--- EXERCISE DESCRIPTION ---
Would you copy exactly the lines in the data below from the one that has "EA Daily Deals" through the one that has "①ご使用中やご使用後にイヤホ", dropping any pictures?

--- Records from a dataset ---
-*-*-
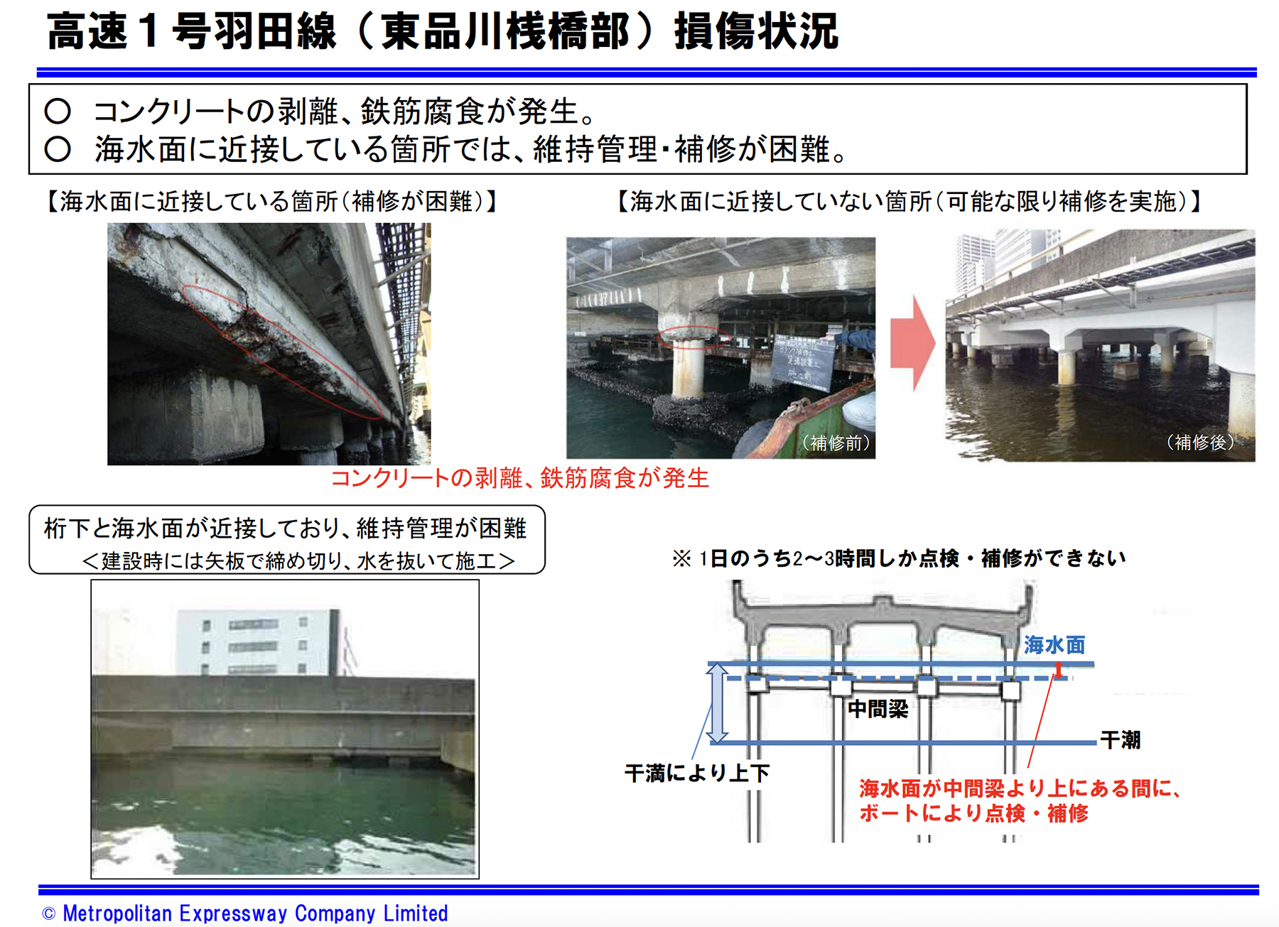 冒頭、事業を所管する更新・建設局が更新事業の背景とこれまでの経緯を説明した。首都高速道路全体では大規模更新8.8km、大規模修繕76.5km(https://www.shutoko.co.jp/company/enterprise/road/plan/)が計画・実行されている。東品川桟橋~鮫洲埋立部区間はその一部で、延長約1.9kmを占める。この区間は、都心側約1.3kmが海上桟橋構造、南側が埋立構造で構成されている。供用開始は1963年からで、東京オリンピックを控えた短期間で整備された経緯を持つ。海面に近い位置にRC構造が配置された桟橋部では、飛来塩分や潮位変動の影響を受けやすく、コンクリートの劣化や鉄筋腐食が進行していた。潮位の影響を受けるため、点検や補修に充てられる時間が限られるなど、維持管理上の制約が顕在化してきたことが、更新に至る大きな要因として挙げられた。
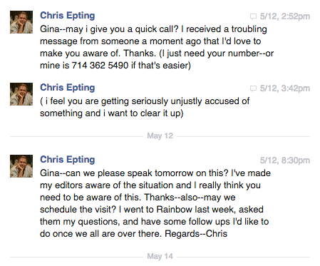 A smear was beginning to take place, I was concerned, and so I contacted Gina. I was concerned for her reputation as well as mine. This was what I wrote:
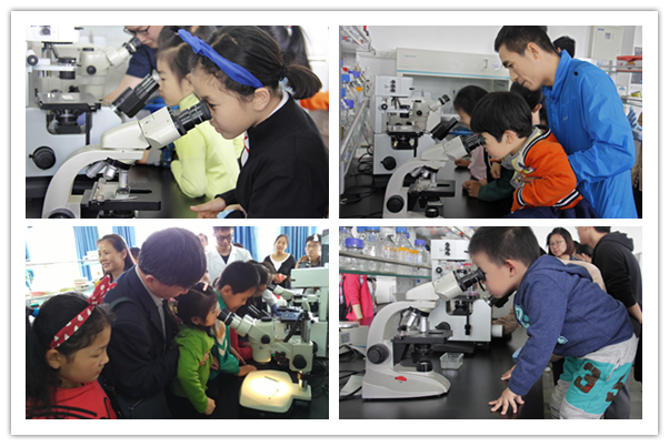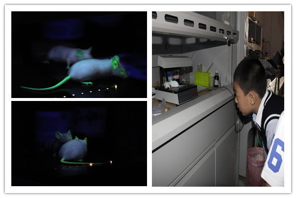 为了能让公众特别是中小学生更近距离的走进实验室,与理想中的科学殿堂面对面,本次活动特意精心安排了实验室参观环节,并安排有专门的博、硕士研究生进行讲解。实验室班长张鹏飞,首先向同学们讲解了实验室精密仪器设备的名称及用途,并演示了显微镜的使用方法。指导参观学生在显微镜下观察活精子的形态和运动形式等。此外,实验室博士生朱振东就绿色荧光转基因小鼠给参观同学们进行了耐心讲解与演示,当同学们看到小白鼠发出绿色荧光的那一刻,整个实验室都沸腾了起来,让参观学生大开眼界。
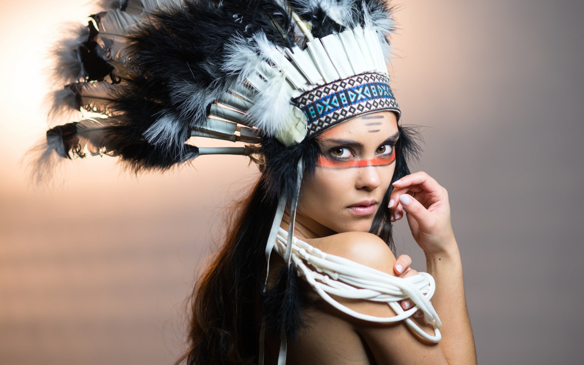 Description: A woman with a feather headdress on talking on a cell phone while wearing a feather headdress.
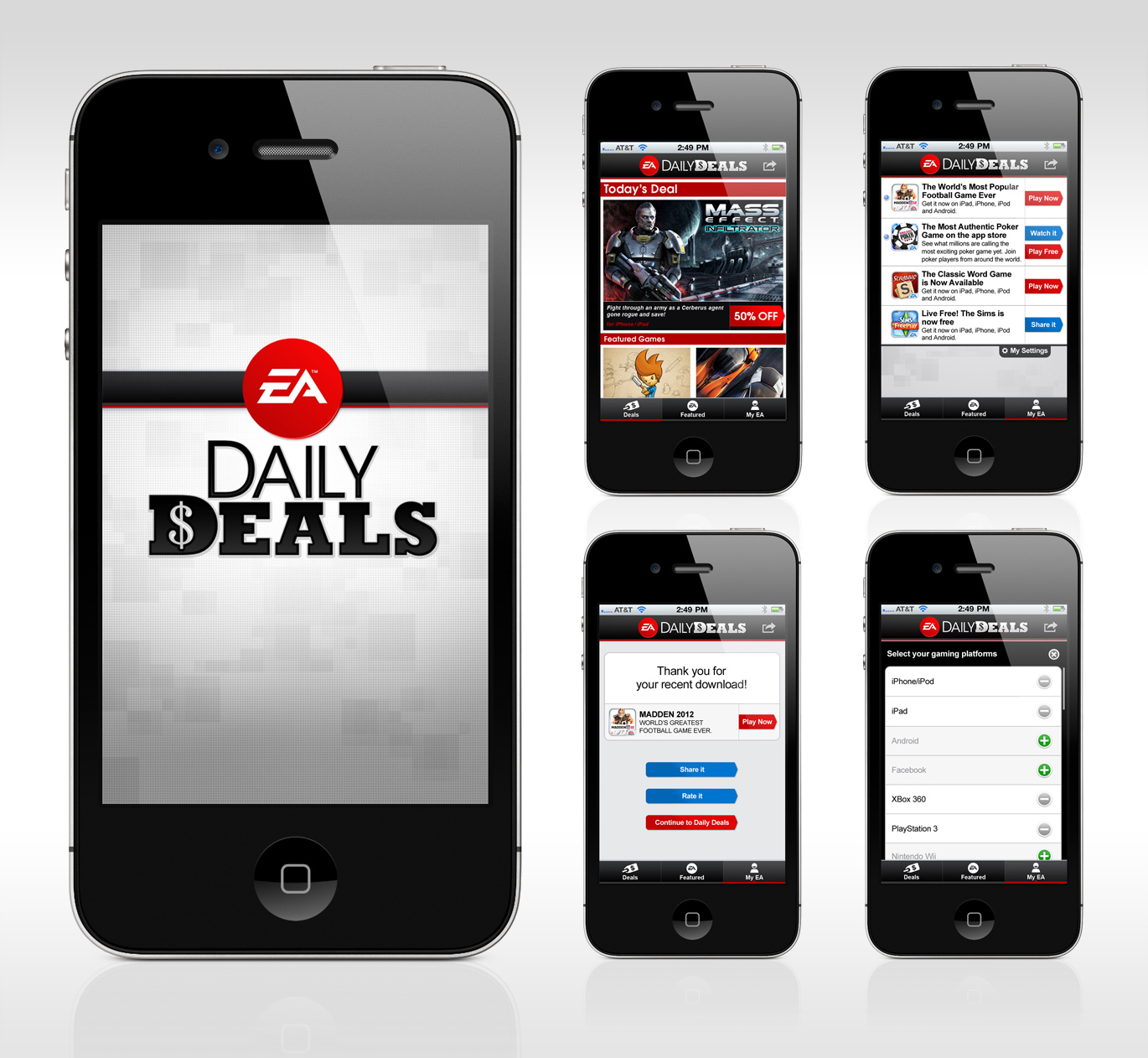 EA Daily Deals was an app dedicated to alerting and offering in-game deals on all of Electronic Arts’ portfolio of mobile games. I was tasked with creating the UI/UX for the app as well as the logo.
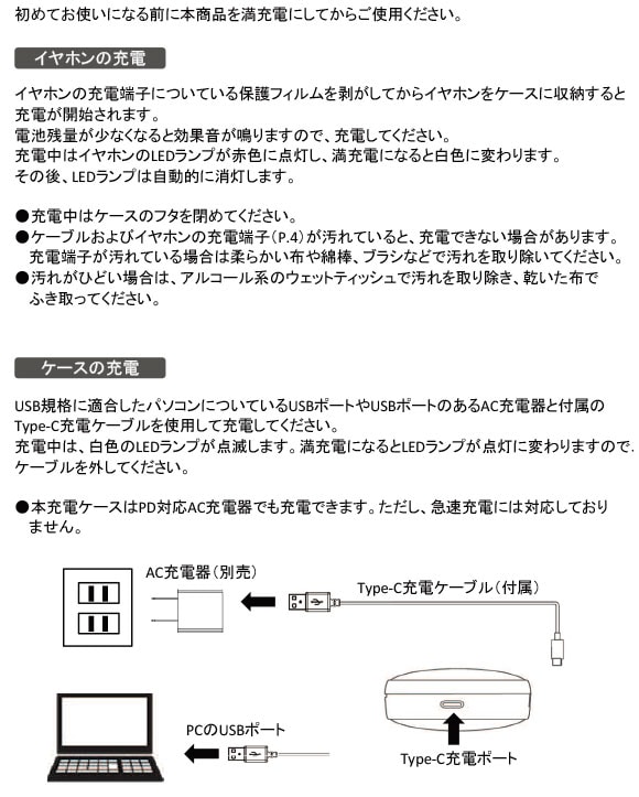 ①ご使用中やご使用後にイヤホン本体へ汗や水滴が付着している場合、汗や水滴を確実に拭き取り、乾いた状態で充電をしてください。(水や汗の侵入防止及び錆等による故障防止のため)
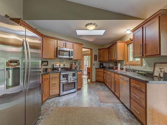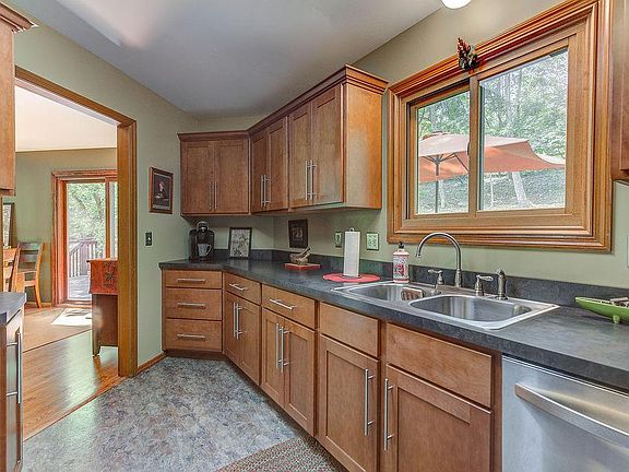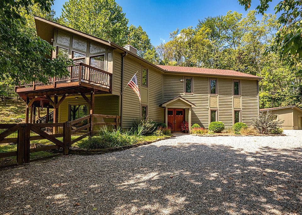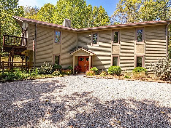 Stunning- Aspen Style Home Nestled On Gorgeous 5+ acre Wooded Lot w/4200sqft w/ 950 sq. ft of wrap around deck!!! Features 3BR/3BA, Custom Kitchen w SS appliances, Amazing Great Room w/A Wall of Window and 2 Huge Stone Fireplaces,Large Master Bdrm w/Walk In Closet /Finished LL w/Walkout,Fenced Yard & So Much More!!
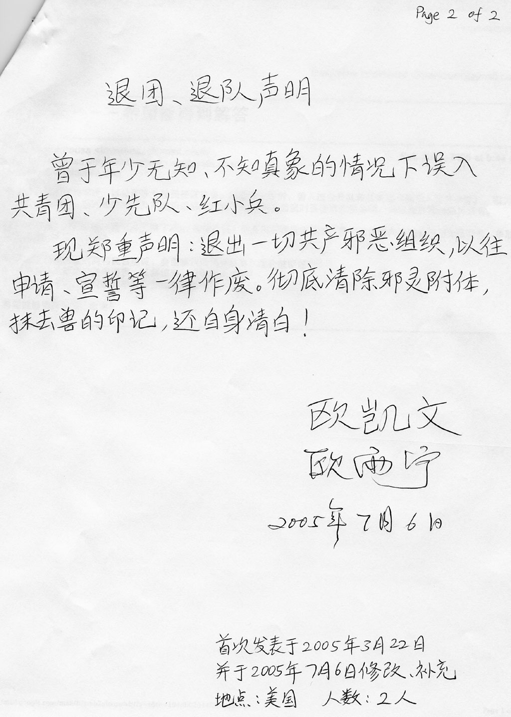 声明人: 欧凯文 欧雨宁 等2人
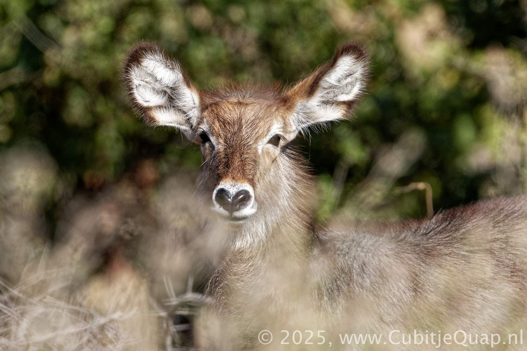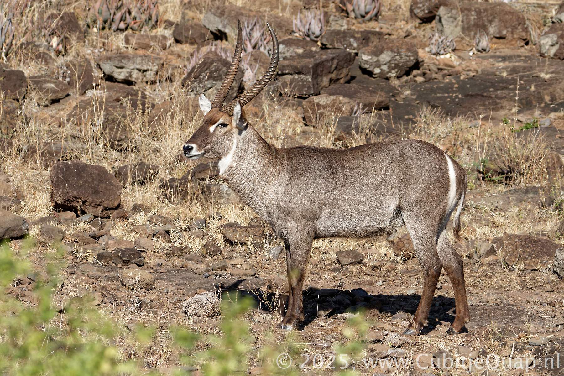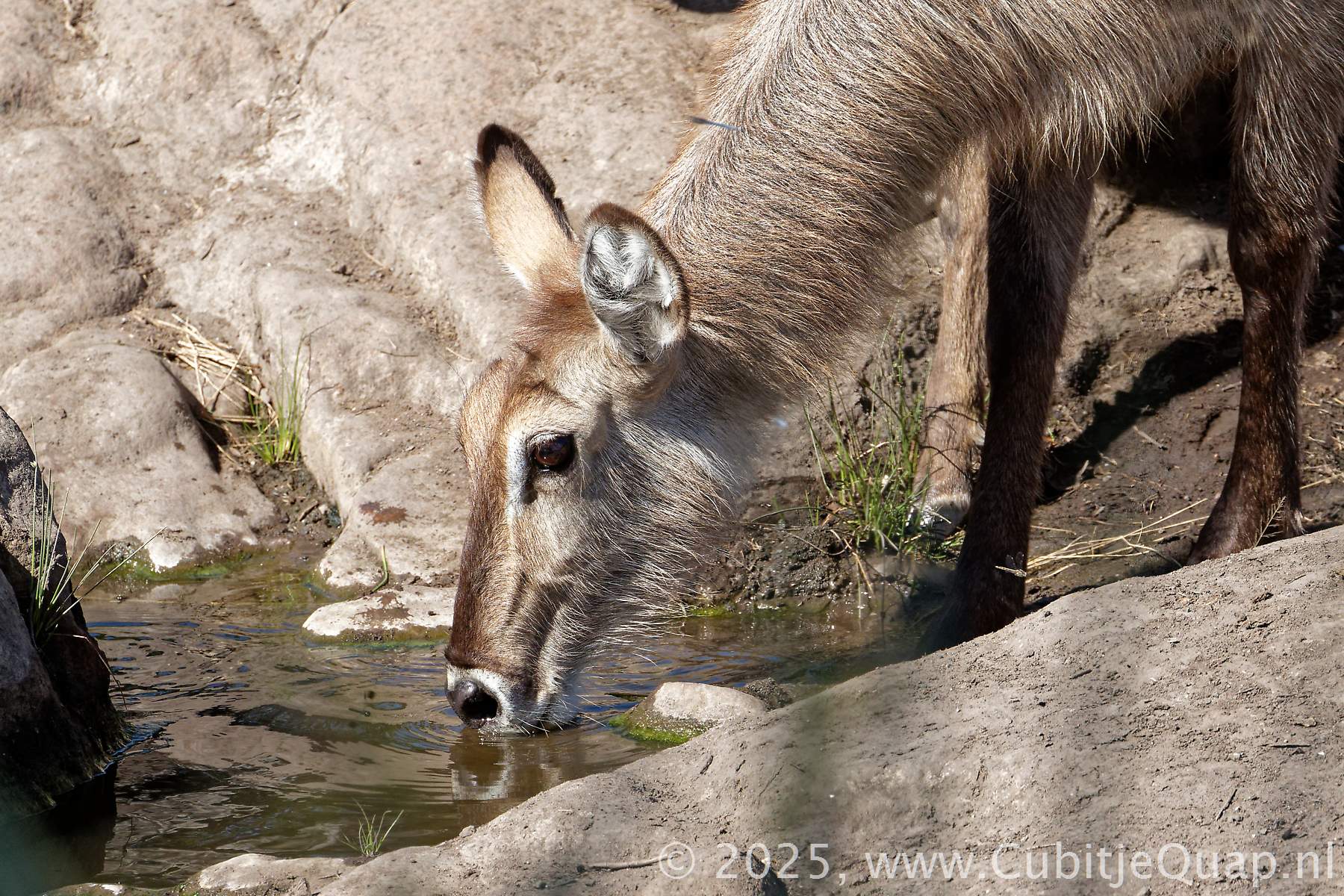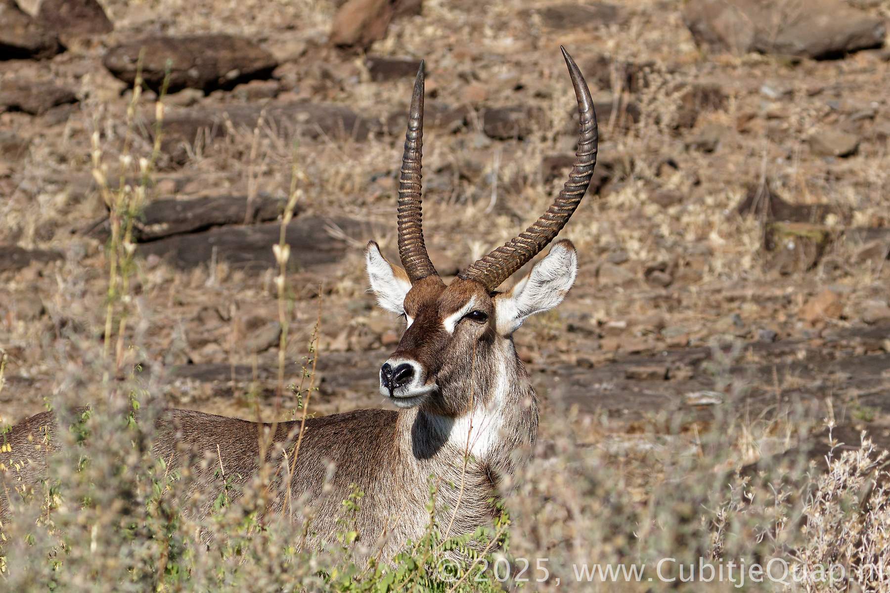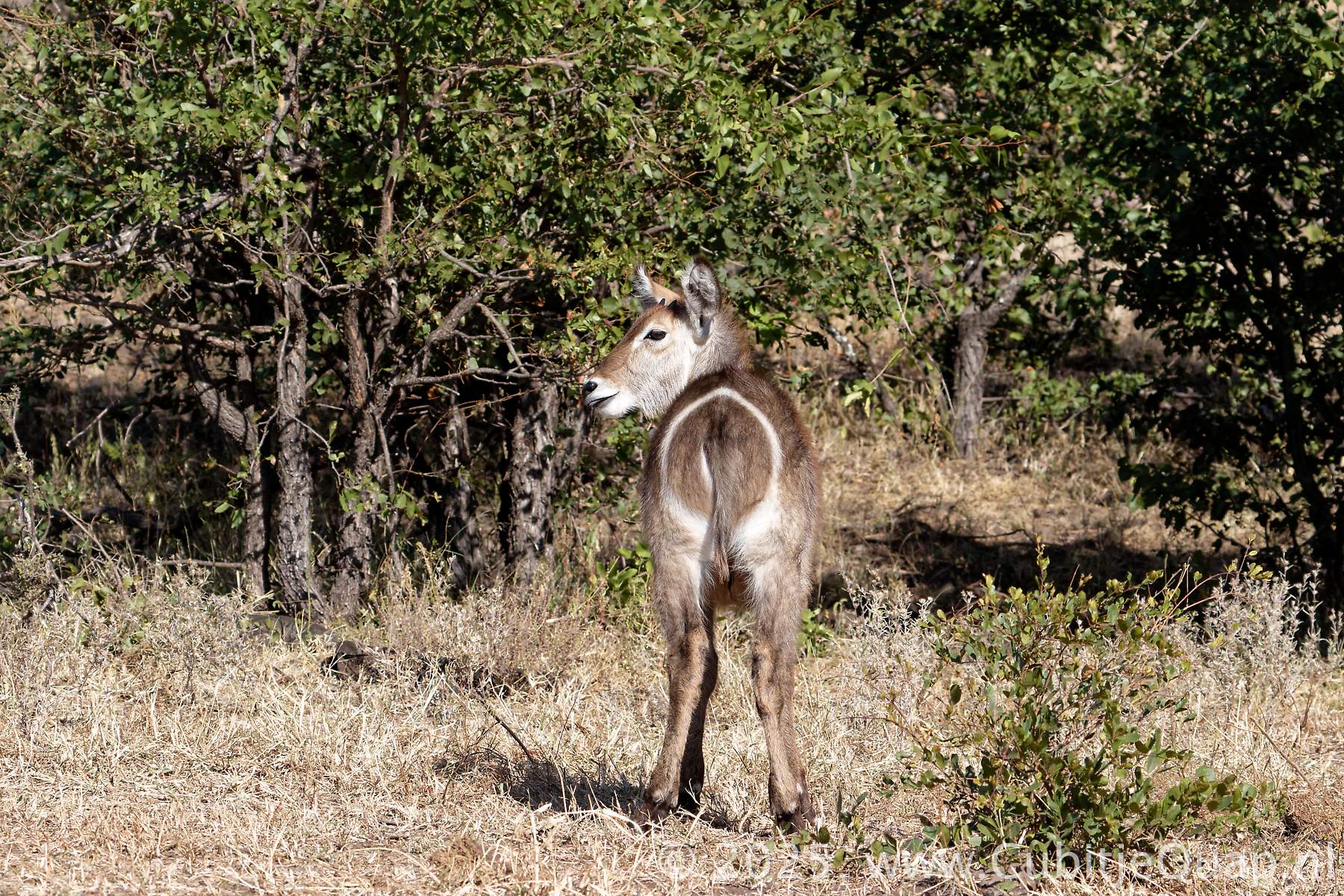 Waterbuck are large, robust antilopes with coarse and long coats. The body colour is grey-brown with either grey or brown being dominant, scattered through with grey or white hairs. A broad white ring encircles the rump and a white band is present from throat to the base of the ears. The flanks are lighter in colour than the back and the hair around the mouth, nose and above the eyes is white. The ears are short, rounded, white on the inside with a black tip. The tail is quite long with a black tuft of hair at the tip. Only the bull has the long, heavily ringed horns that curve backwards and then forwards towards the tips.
-*-*-
--- WRITTEN ANSWER ---
 EA Daily Deals was an app dedicated to alerting and offering in-game deals on all of Electronic Arts’ portfolio of mobile games. I was tasked with creating the UI/UX for the app as well as the logo.
 ①ご使用中やご使用後にイヤホン本体へ汗や水滴が付着している場合、汗や水滴を確実に拭き取り、乾いた状態で充電をしてください。(水や汗の侵入防止及び錆等による故障防止のため)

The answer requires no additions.